V
Things on this planet are always happening at the same time; and it must follow (since it is only through meetings that the machinery is assembled which makes the world continue to exist) that, although parallels or divergences are the rule, now and then persons simultaneously start out upon lines of action which in due course arrive at the same point. It is fortunate that those persons are unaware of what the gods are doing with them. Life is not such fun that we can afford to dispense with the unexpected.
It chanced that at the very moment when Ben and I were discussing Mrs. Lintot's scheme at Dartmoor, Mr. John Harford, in the garden of Laycock Manor, was informing his startled mother that he had decided to chuck the law and open a second-hand book shop.
Mrs. Harford was properly horrified. The Harfords so far had been able to avoid trade.
"But this isn't trade," said her son. "This is a lark."
"Do you call it a lark," his mother inquired, "to be covered with dust—for there's nothing so dusty as old books, and very likely to catch horrible diseases—for there are no germ carriers like old books either? And"—she went on, before he could reply—"do you call it a lark to have to bargain with customers, because no one ever gives as much for an old book as it is marked?

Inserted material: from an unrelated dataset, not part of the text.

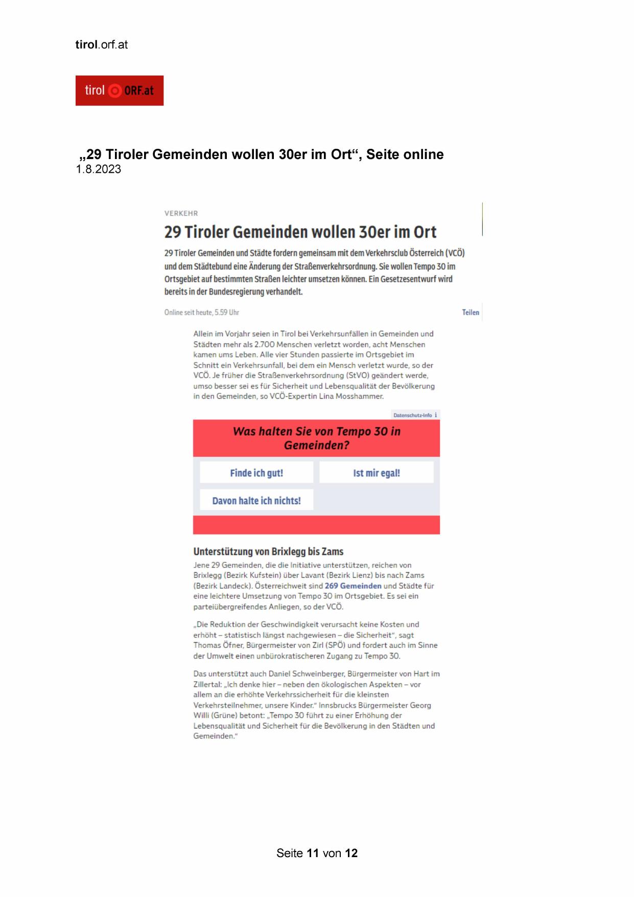 „29 Tiroler Gemeinden wollen 30er im Ort“, Seite online

Even I know that. That's not my notion of a lark, anyway. And you'll have to start early, and leave late, and your health will go, and your nice looks, and all the money spent on your legal career will be wasted, and all the money you are going to put into this absurd business will be wasted too. By the way, where is that money coming from?"
"I was thinking of you, darling," said her son.
"Of me! Is the boy mad?" she inquired of the flowerbeds, the trees and the universe at large. "Do you seriously think that, feeling as I do about this offensive shop, I am going to help you to open it?"